Trotz hohem Gewinn: Zurich-Aktie kaum verändert

Zurich Insurance Group hat 2012 einen Gewinn erzielt, der die Erwartungen deutlich übertroffen hat. Das gibt der Aktie aber keinen Schub.
14.02.2013 09:22
Zurich-CEO Martin Senn schaut auf ein überraschend gutes Jahr zurück.

Der Versicherungskonzern Zurich Insurance Group hat im Geschäftsjahr 2012 einen operativen Gewinn (Business Operating Profit - BOP) von 4,08 Mrd USD erzielt. Zum Vorjahr entspricht dies einem Rückgang um 4%, wie die Zurich am Donnerstag mitteilt. Der Reingewinn wuchs um 3% auf 3,88 Mrd USD. Den Aktionären wird wie im Vorjahr die Ausschüttung einer Dividende in der Höhe von 17 CHF je Aktie vorgeschlagen.

Mit den Jahreszahlen übertraf die Zurich die Markterwartungen klar. Im Vorfeld hatten Analysten im Durchschnitt der Prognosen (AWP-Konsens) einen Reingewinn von 3,30 Mrd USD, einen BOP von 3,87 Mrd und eine Combined Ratio von 99,1% erwartet. Die Vorgaben für das Eigenkapital lagen bei 35,1 Mrd.

Trotz der positiv überraschenden Zahlen notiert die Aktie mit einem Plus von 0,2 Prozent praktisch unverändert. 

Sonderfaktoren belasteten

Das operative Ergebnis belastet haben die Kosten für den Wirbelsturm 'Sandy' und die im dritten Quartal getätigten Reservestärkung in der deutschen Schadenversicherung, während die Auflösung von Reserven für frühere Jahre das Resultat stützten. Die Reservenauflösungen seien aber weniger vorteilhaft als in den Vorjahren ausgefallen, so die Mitteilung. Trotz dem anhaltend schwierigen Umfeld habe die Zurich eine solide Leistung gezeigt, wird CEO Martin Senn in der Mitteilung zitiert.

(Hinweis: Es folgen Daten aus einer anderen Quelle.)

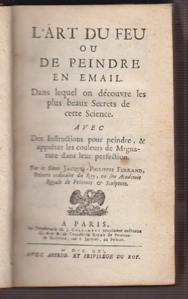 Bemerkungen: Massing 62; vgl. UCBA, I, 548; Benezit II, 273 - Der Autor war Mitglied der `Academie Royale de Peinture et Sculpture`. Sein Text widmet den Pigmenten und Farben der Emailmaler große Aufmerksamkeit.
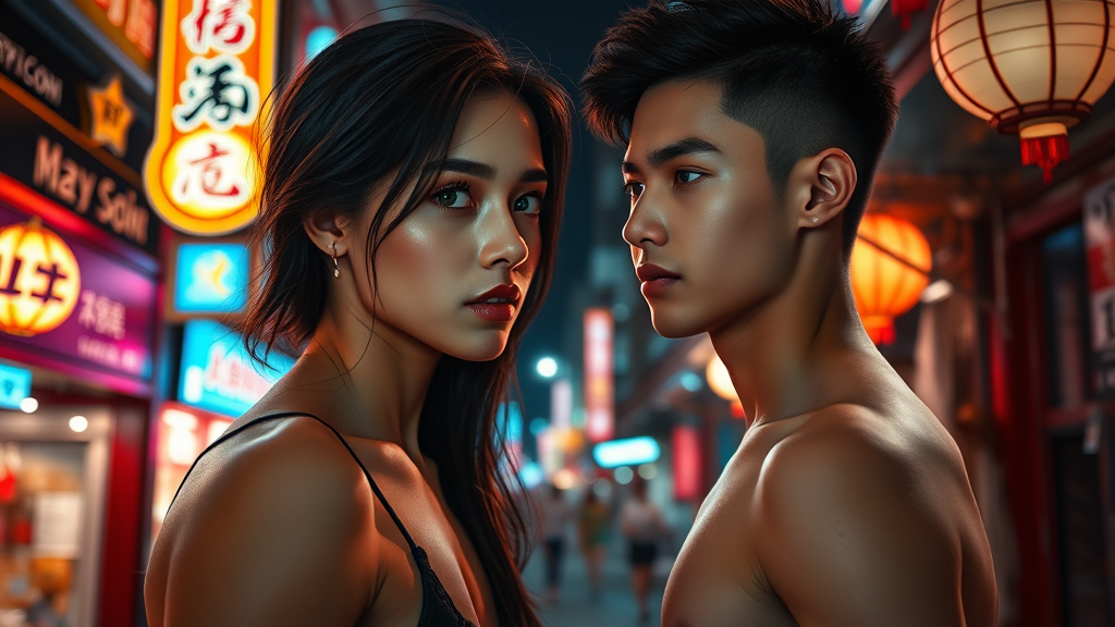 A highly detailed and realistic portrait of a stunning young supermodel girl and boy standing face to face in an atmospheric Asian market setting. The scene is illuminated by vibrant shop neon signs and the enchanting glow of night city lights. The girl possesses mesmerizing green eyes and a perfect fitness physique, accentuated by long, graceful legs. Her face is beautifully symmetrical, adorned with expressive doe eyes, charming freckles, and high cheekbones. Her long, cascading hair flows like ink, framing her delicate makeup and melancholy expression. The boy complements her presence with his striking appearance. The image captures an extradimensional quality in ultra HD 8k resolution, showcasing cinematic lighting, precise lens flare, and a dreamy bokeh effect. The captivating backdrop of the bustling market adds an intriguing layer to the scene, highlighting the chemistry and romantic connection between them.

Der Gruppenumsatz mit Bruttoprämien, Policengebühren, Beiträgen mit Anlagecharakter und Managementgebühren erhöhte sich um 6,6% auf 73,1 Mrd USD. In der Schadenversicherung wuchsen die Prämieneinnahmen um 3% auf 35,6 Mrd und die Combined Ratio verbesserte sich leicht auf 98,4% nach 98,9% im Vorjahr. In der Lebensparte Global Life wuchs das Geschäftsvolumen um 9% auf 30,3 Mrd.

Positiver Blick in die Zukunft

Das Eigenkapital erhöhte sich um 10% auf 34,5 Mrd, womit sich zum BOP eine Rendite von 9,3% (10,2%) errechnet. Der Quotient zum Swiss Solvency Tests (SST) lag per Jahresende gegenüber dem September-Wert bei unverändert 178%. Bei den Kapitalanlagen verbesserte sich die Gesamtanlagerendite deutlich auf 7,0% von zuvor 5,3%.

An der eingeschlagenen Strategie, das Geschäft in Wachstumsmärkten auszudehnen und verlässliche Leistungen in gesättigten Märkten zu erbringen, will der Versicherer festhalten. "Unsere starke zugrunde liegende Rentabilität stellt sicher, dass wir 2013 weiterhin Mehrwert für unsere Kunden, Mitarbeitenden und Aktionäre schaffen werden", so Senn mit Blick in die Zukunft.